This region-wise saliency analysis provides a stage-wise interpretation of how the model’s focus changes between CN, MCI, and AD. While not based on temporal (longitudinal) MRI, this static visualization offers insight into the spatial progression of Alzheimer’s classification.
The detailed analysis reveals not only the model’s decision-making process but also its ability to identify clinically relevant biomarkers. We pursue the gap between deep learning diagnostics and clinical applicability by visualizing the model’s focus on clinically related brain regions and using quantitative measures of regional activation in the decision-making process. Such an approach meets the principles of saliency visualization, whose goal is to identify which features contribute the most to the model’s prediction. Wang et al. [24] exemplified this approach in studies employing similar techniques to interpret deep learning models in medical imaging. These XAI techniques allow for better comprehension of model performance and how it may detect biomarkers associated with AD and MCI progression. Since our classification model uses a multi-scale EfficientNet architecture, it inherently captures features at different spatial resolutions. This allows our interpretability analysis, particularly the saliency-based regional activation quantification, to reflect multi-scale patterns that align with anatomical variability across AD, MCI, and CN. In the present study, the gray matter structures were clearly emphasized in the saliency maps, which is in agreement with the previous literature about gray matter volume reduction as the major anatomic pathology of Alzheimer’s disease (AD). This kind of pattern strengthens the biological salience of the predictive results of the model. More so, the distinction between AD and mild cognitive impairment (MCI) was less discriminating in comparison with AD and cognitively normal (CN) controls, reflecting the linear medical spectrum that exists between MCI and early AD.
Results
The decisions in this study are based on Magnetic Resonance Imaging (MRI) scans in the Digital Imaging and Communications in Medicine (DICOM) format, where both the imaging data and essential metadata are stored within the DICOM header. Decisions of this study make use of Magnetic Resonance Imaging (MRI) scans in the Digital Imaging and Communications in Medicine (DICOM) format, in which the data and mandatory metadata are contained within the DICOM header. The metadata in this includes especially valuable information, such as patient identification, scanning trajectory, slice thickness, spatial resolution, as well as what type of imaging modality was used. The instance numbers of the scan parts are also contained in the DICOM header, sorting the multiple slices systematically. The ability to reconstruct 3D brain structures with high accuracy is vital for assessing neurodegenerative patterns with Alzheimer’s disease, and errors in this indexing will affect the accuracy of this process. In this research, the dataset used is collected from the Alzheimer’s Disease Neuroimaging Initiative (ADNI) with three diagnostic classes: Alzheimer’s disease (AD), Mild Cognitive Impairment (MCI), and Cognitive Normal (CN). It begins with a multi-layer U-Net model used to segment gray matter to obtain fine-grained structural features that are useful to detect Alzheimer related abnormalities. As early indicators of Alzheimer’s progression, gray matter density and structure alterations are found via this segmentation phase. Dice loss is used for training the model, and the Adam optimizer is used to optimize it, resulting in a robust performance in segmentation. Dice score, Intersection over Union (IoU), Sensitivity, and Precision all serve to validate the model’s ability to properly delineate gray matter regions. After segmentation, the classified gray matter images are used as input for a hybrid deep learning pipeline that uses Multi-Scale Efficient Net for Feature extraction and SVM for classification.
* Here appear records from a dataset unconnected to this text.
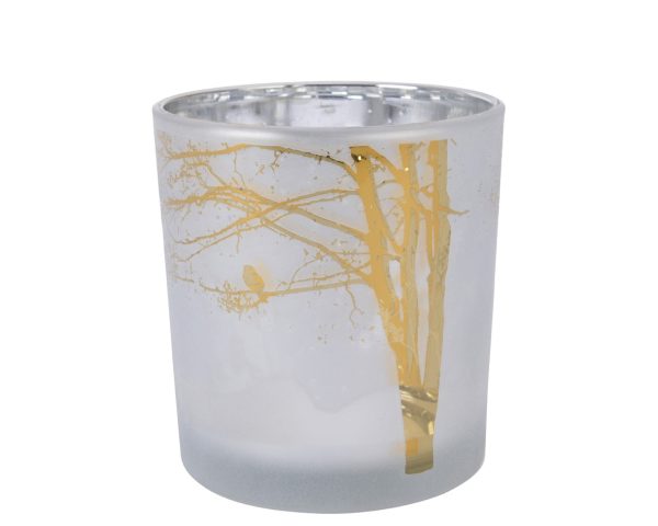 Holiday Decor – Tealightholder Glass with Bird Winter White
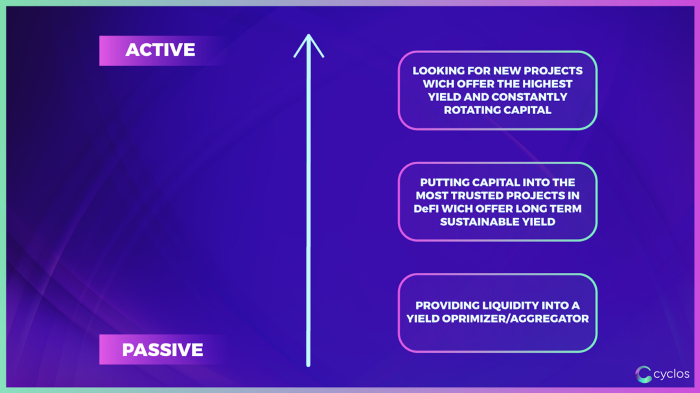 이자 파밍 또한 시작할 때 여러 DeFi 프로토콜에 대해 배워야 하는 단계가 필수적이라는 점에서 비슷합니다. 이자 파밍은 여러분의 선택에 따라 수동적 또는 능동적일 수 있습니다. 가장 수동적인 방법은 파밍 전략을 제안하거나 자동적으로 실행하는 이자 집계기를 이용하는 것입니다. 반대로, 여러분은 직접 활발하게 프로젝트를 리서치하고 이들의 이자를 비교하며 더 높은 이자를 제공하는 새로운 프로젝트를 탐구할 수 있기도 하며, 여기에는 더욱 많은 실사가 필요하고 리스크 또한 큽니다. 투자하는 만큼 돌아옵니다. DeFi는 매우 빠르게 변하기 때문에, 이자를 최대화하려면 계속해서 자본을 회전시켜야 합니다.
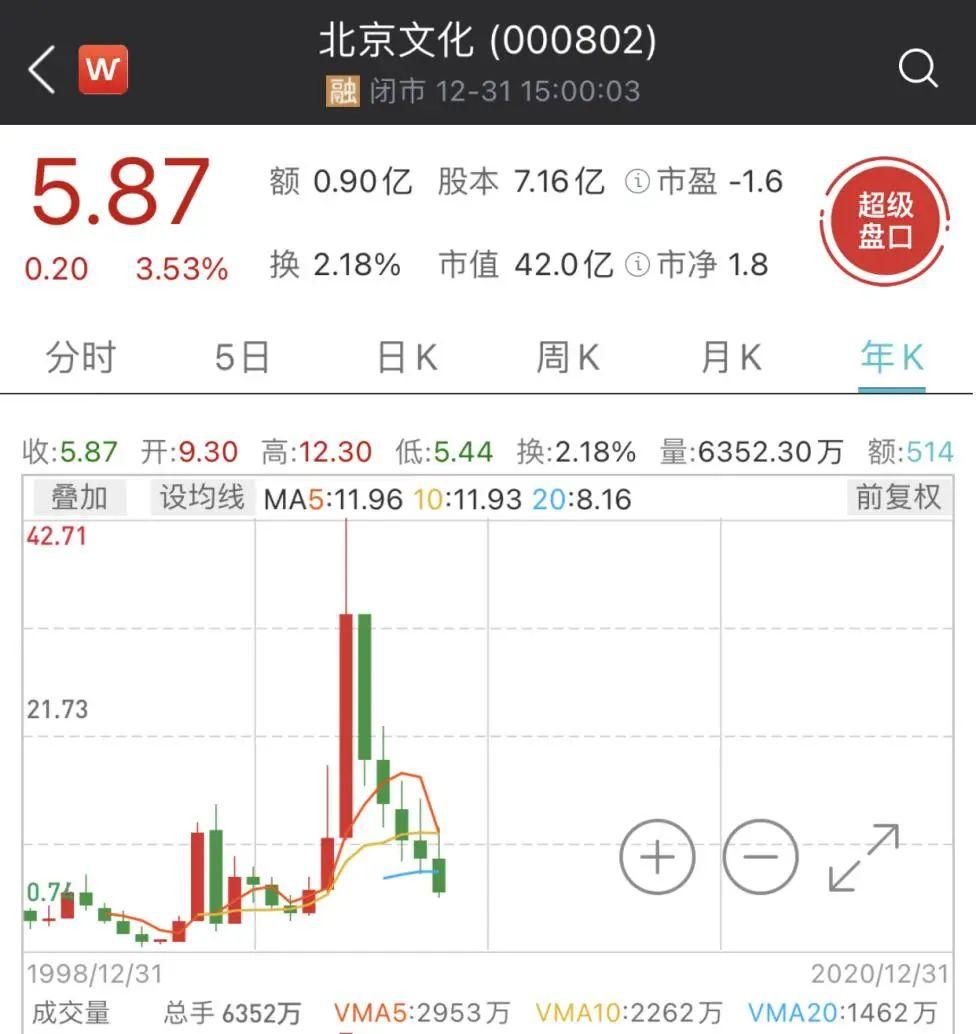 北京文化股价最高曾突破40元/股,截至12月31日,股价已从历史最高点跌去85%,报收5.87元/股。
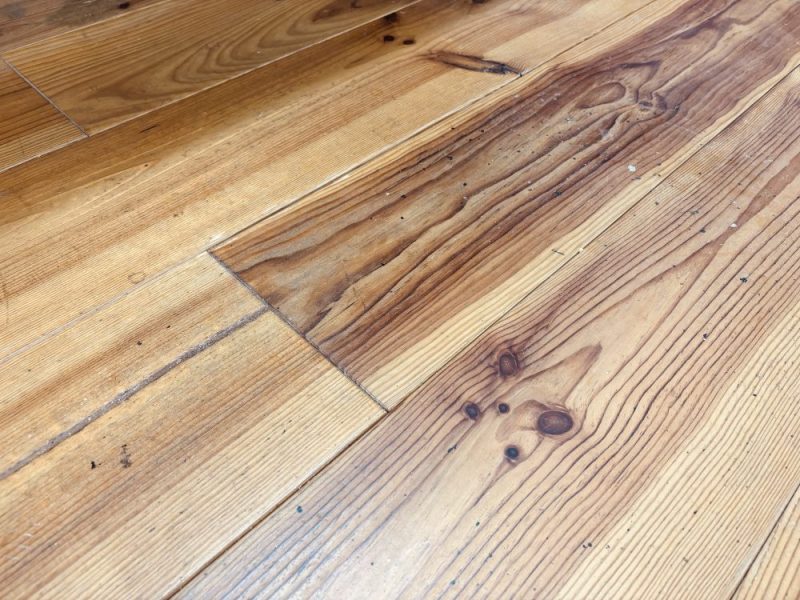 針葉樹といえば「ソフトウッド」と呼ばれ、その名の通り柔らかい、傷つきやすいというイメージが強いですから。「あぁ、毎日この床に悲しい溝が刻まれていくのだろうな」と予想しており、ある程度酷くなったら研磨して再生するネタのひとつにでもなるだろう…と思っていました。
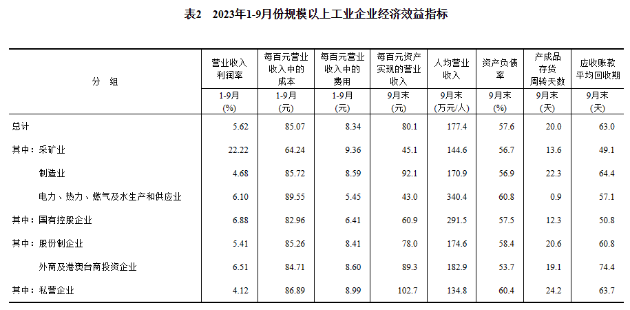 9月末,規(guī)模以上工業(yè)企業(yè)每百元資產(chǎn)實現(xiàn)的營業(yè)收入為80.1元,同比減少5.8元;人均營業(yè)收入為177.4萬元,同比增加6.0萬元;產(chǎn)成品存貨周轉(zhuǎn)天數(shù)為20.0天,同比增加1.2天;應(yīng)收賬款平均回收期為63.0天,同比增加5.9天。
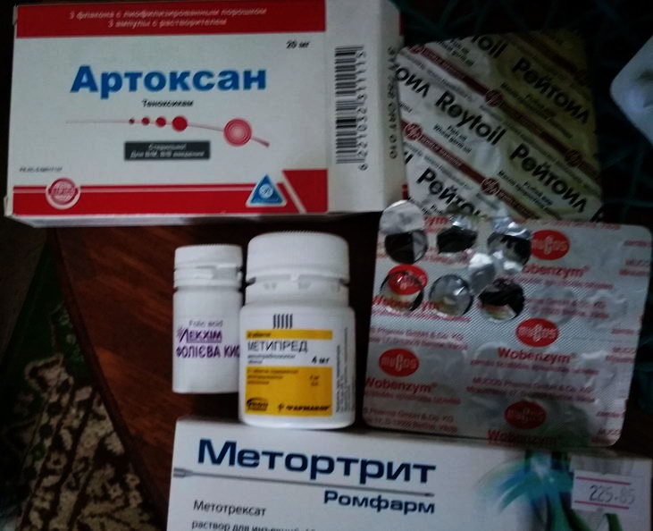Метипред - противовоспалительное, противоаллергическое, иммунодепрессивное действие. Артоксан - нестероидный противовоспалительнй препарат с анальгезирующим и менее выраженным жаропонижающим действием. Рейтоил (рыбий жир и масло проростков пшеницы)- иммуностимулирующее, антигипертензивное, антиатеросклеротическое, противовоспалительное и противопсориатическое действие. Вобэнзим - ферменты с иммуномодулирующим, противовоспалительным, противоотечным, фибринолитическим и вторичноанальгезирующим действием. Фолиевая кислота - стимулятор кроветворения, витамин для усиления иммунной системы. |

Result of gray matter segmentation phase
A multi-layer U-Net is proposed, which effectively segments gray matter regions from MRI scans more accurately than existing approaches. The two-step algorithm used for segmentation begins by training and validating models on the ADNI dataset, followed by the prediction of gray matter masks for unseen MRI scans. This model uses three encoder and decoder layers with multiple skip connections to improve feature retention and preserve spatial information. All the reported metrics were calculated on the test set. Table 8 presents a comparison of these segmentation models and shows the superiority of the proposed method. The performance of Vania U-Net, Attention U-Net, has a Dice Score of 89.85% ± 0.10. Other methods, such as cGAN, have a dice score of 78% Multitask Deep CNN has a Dice Score of 87% and DIDL also has a Dice score of 87% which are outperformed by our proposed method, Multi-layer U-Net, which has a Dice score of 90.06% ± 1.76%. This is significantly higher than Vanilla U-Net and Attention U-Net, both have a Dice score of 90%.
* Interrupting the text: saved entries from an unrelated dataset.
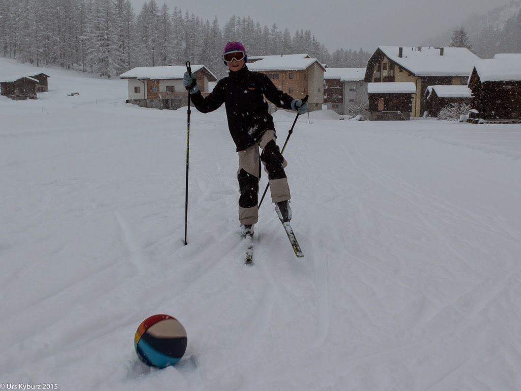 So melden wir uns am Mittwochabend bei Cécile Kalbermatten. Sie hat zusammen mit ihrem Mann das Material vom Langlaufzentrum Lötschental übernommen, das der bisherige Inhaber für alle ziemlich überraschend aufgegeben hat. Am nächsten Morgen schlafen wir zuerst einmal aus. Inzwischen hat es wieder angefangen zu schneien, und das nicht knapp. Die Räumungsfahrzeuge sind non-stopp unterwegs. Uns gefällt das natürlich, nun sieht man keine braunen Flecken mehr. Alles weiss! Das Dorf sieht jetzt zauberhaft aus, ein halber Meter Schnee liegt bereits auf den Dächern. Am Nachmittag treffen wir uns mit Cécile beim Skidepot. Die Skis sind bereits parat, exakt gemäss unseren Körpermassen, die wir tags zuvor angegeben haben, gewählt. Sie gibt uns noch verschiedene Tipps, denn auf Skatingskis stand von uns wirklich noch nie jemand. "Wisst ihr was, ich geh mich schnell umziehen, dann zeige ich euch ein paar Sachen". Ich staune immer mehr ob diesen Lötschentalern. Wir gehen nach draussen ins Schneegestöber und ziehen die Skis an. Und schon skaten die Jungs los. Mit den fünf Zentimeter Neuschnee auf der Loipe ist das nicht ganz einfach. Was auf Skitouren der Traum ist, ist beim Langlaufen eher hinderlich. Das tut unserer Motivation aber keinen Abbruch. Wir legen los, laufen so, wir denken, das man laufen sollte. Und es geht gar nicht so schlecht. Man kommt schneller voran als im klassischen Stil, ist aber auch kraftraubender. Cécile ist nun auch bereit und zeigt uns diverse Übungen.
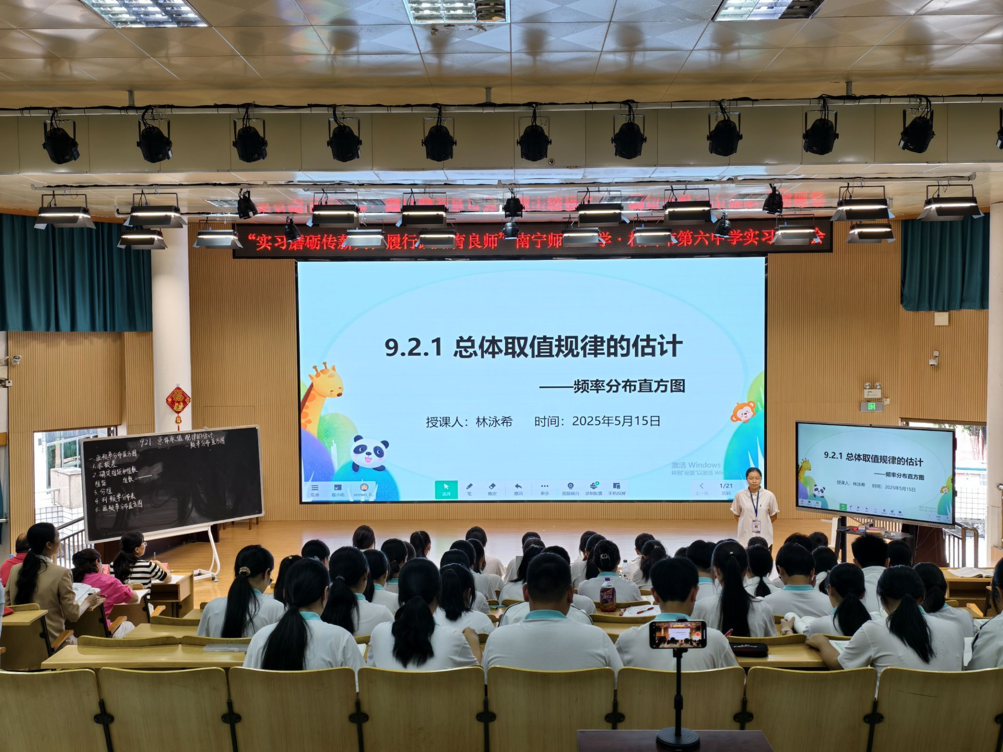 5月15日下午,在实习生与教学指导老师的共同努力下,实习生林泳希以“样本估计总体”的公开课作为中期检查的报告成果,学院黄在堂院长、杨立英教授、陈蔚凝老师莅临指导,给予了肯定和鼓励的同时,希望实习生们接下来的工作中继续积极配合学校工作、注意教学细节、锻炼个人能力,并感谢柳州市第六中学对实习生的栽培。
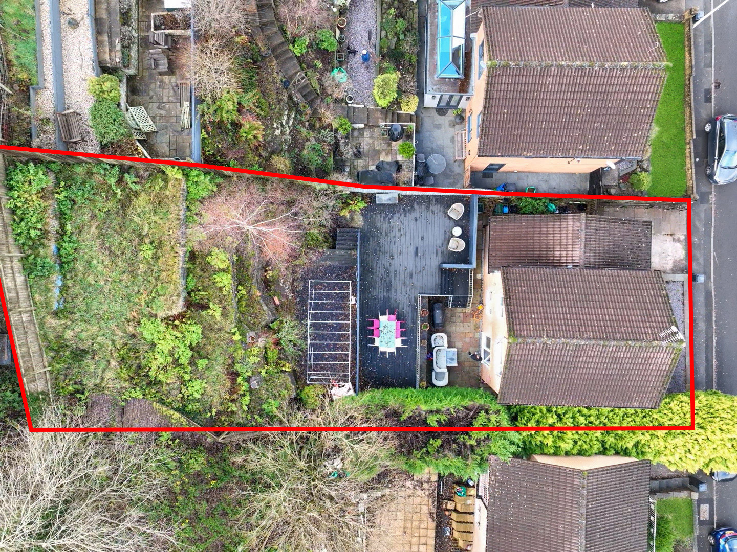 Great sized rear garden with patio section, large composite decking area and upper area with bags of potential.
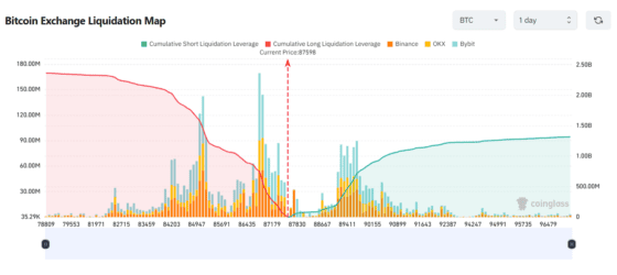 - 8만3000~8만6000달러 구간에 롱 청산 밀집 → 추가 하락 시 대규모 청산 발생 가능
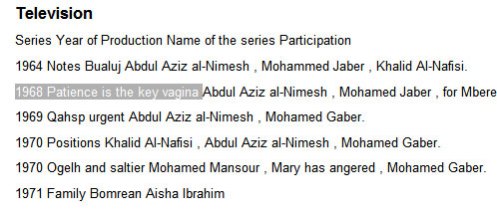 لذا كان لا بد من التصحيح والتعرض ، فلك ان تتخيلي لو بقيت المعلومه كما هي في ويكبيديا ، لتم استخدمها كدليل بعد عدة سنوات للترويج – مثلا – بان العرب مسلسلاتهم وبرامجهم ذات هاجس جنسي ومن ضمنها هذا العمل الذي يتضح من عنوانه انه كذلك !
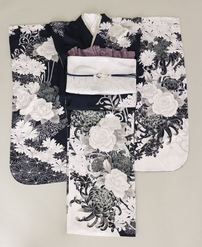 成人式の振袖選びで、近年じわじわと人気を集めているのが**「紺色(ネイビー)」**です。 今回は、深みのある紺色に白のコントラストが美しい振袖のコーディネートをご紹介します。
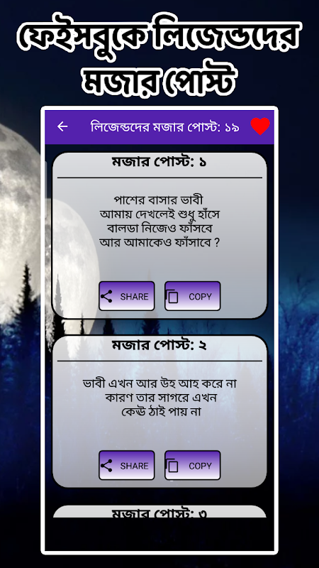 আপনাকে আর মজার মজার পোস্ট খুজতে কষ্ট করতে হবে না কারণ এই অ্যাপসটিতে আছে সেরা সেরা মজার পোষ্ট । অনেক মজার পোস্ট দিয়ে আমাদের এই অ্যাপসটি সাজানো হয়েছে ।
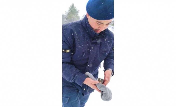 Jandarma, soğuktan donmak üzere olan kuşu kendi kıyafetiyle ısıttı

Moreover, to provide a measure of variability and robustness, we run the model five times and report the average metrics along with their standard deviations. The model achieved an accuracy of 97.66% ± 0.31%, Dice coefficient of 90.06% ± 1.76%, a recall of 87.25% ± 3.56%, a precision of 92.74% ± 3.71%, and F1-score of 90.06% ± 1.76%, which is an improvement in delineation of the gray matter structures for the Alzheimer’s disease diagnosis. In comparison, we have also performed our experiments with the change of loss function, where we changed balanced cross-entropy to dice loss, but we did not obtain better results. Fig 10 and Fig 11 show the qualitative segmentation results produced by the proposed Multi-Layer U-Net and the Attention U-Net Model, respectively. The visual comparison highlights the improved gray matter boundary delineation achieved by the proposed better segmentation performance permits more accurate structural analysis of MRI scans in the service of downstream classification of Alzheimer’s disease detection.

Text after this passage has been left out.